Clean Energy Stimulus Spending Could Jump Start Growth, Report Finds

Nov. 10, 2020
A new report finds that federal economic stimulus spending on clean energy, including microgrids, electric vehicles and energy storage, could jump start a surge in economic growth. 

With Congress eyeing another coronavirus economic package, a new report finds that federal economic stimulus spending on clean energy, including microgrids, electric vehicles and energy storage, could jump start a surge in economic growth. 

So far, the clean energy sector has been left out of the federal COVID-19 stimulus, but an incoming Joe Biden administration could change that dynamic.

The coronavirus crisis destroyed millions of American jobs, including hundreds of thousands in clean energy, the Biden-Harris transition team said on its transition website that went live Monday. One of President-elect Biden’s top four priorities is tackling climate change, which includes investing in zero emission vehicles, renewable energy and building upgrades, according to the website.

Investments in a range of advanced energy technologies and services would lead to economic benefits that are four to 14 times as high as the spending, according to an analysis prepared for Advanced Energy Economy and Texas Advanced Energy Business Alliance.

In California, a $100 billion injection of federal funds would add $727 billion to California’s gross state product, according to a report drafted by the Analysis Group, an economic consulting firm.

Clean energy stimulus spending in 8 states

The reports examined what would happen in eight states if $2 trillion was spent nationwide on clean energy initiatives. The states were Arizona, California, Colorado, Florida, Illinois, Nevada, Pennsylvania, and Texas. The Analysis Group prepared reports for each state based on a spending allocation that mirrored stimulus programs following the 2008-2009 financial crisis.

The study, released Oct. 29, focused on the economic effects of spending on grid modernization, including smart meters and microgrids, solar and wind generation; energy efficiency; energy storage; electric vehicles and charging infrastructure; and transmission upgrades.

The Analysis Group found that in all states studied the greatest economic impact comes from investing in energy efficiency, which was allocated a quarter of all the stimulus spending. In California, for example, $20 billion in spending on energy efficiency produced $373 billion in additional gross state product growth and 1.9 million job-years.

Solar and wind energy made up the next largest section of investment and growth across the states, according to the report. The Analysis Group assumed solar would get 20% of all the federal spending and wind would get 10%.

In Texas, $11 billion and $5.5 billion in spending on solar and wind, respectively, would boost gross state product by $51 billion of $14 billion, the Analysis Group found.

Electric vehicles and charging infrastructure spending — assumed to total 20% of overall investments — could spur growth in states, the Analysis Group found.
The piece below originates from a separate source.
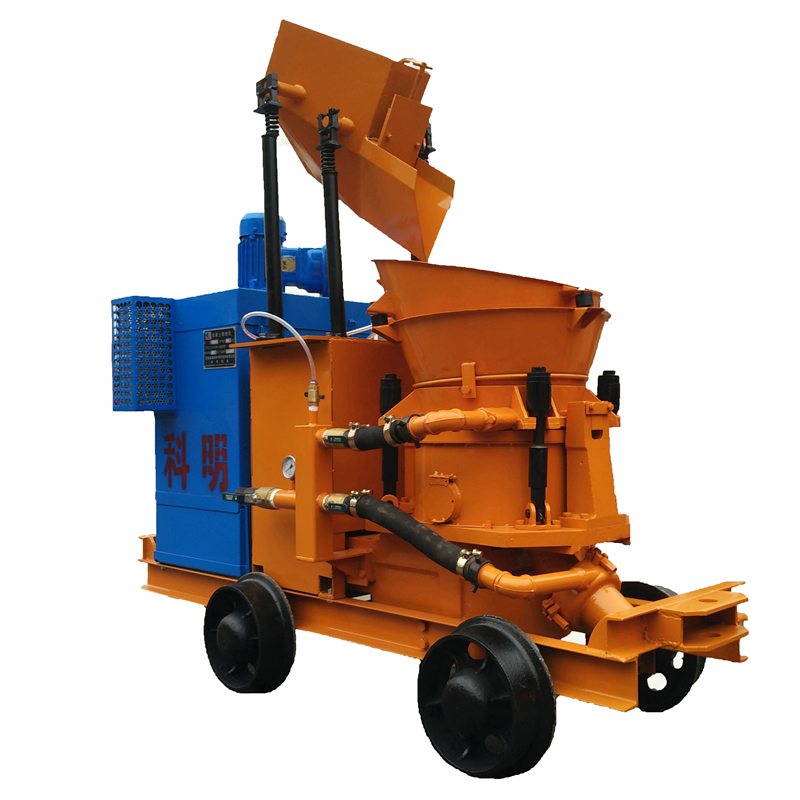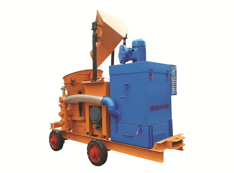 PS6I-J(矿用)除尘式混凝土湿式喷射机是最新型环保混凝土喷射机具,采用新型除尘工艺及滤材,过滤效果好,较传统喷射机降尘90%以上,拥有2项发明及实用新型专利。机器本体及喷头突破传统局限,多层环状加水喷头系统,保证混合均匀,回弹大大降低。实现速凝剂自动、均匀添加,减少作业人员、减少环境污染、充分保障施工人员身心健康。具有机旁粉尘小、设备结构紧凑、性能可靠、操作简单、使用寿命长、维护和清理方便等特点,能够在煤矿井下狭小空间内进行正常的支护作业,是煤矿井下进行喷射混凝土作业的理想选择。可按要求定制胶轮或轨轮。

In Illinois, $9 billion in sounding on EV incentives and subsidies would increase the state’s gross product by $30 billion while adding 240,000 job years, the report said.

Grid modernization funding spurs growth

With 5% of total spending, the Analysis Group found that investment in grid modernization provided a range of benefits. 

The consulting firm said grid modernization investments could include technologies, products, and software development for residential and commercial energy management, microgrid management and other improvements in the efficiency of the distribution system.

In California, a $5 billion investment in grid modernization would increase the state’s gross product by $12 billion and add 108,000 job years.

In Texas, $2.8 billion in grid modernization would boost state gross product by $6 billion and add 69,000 job years.

In Illinois, $2.25 billion in grid modernization spending would boost state gross product by $5 billion and job years by 54,000.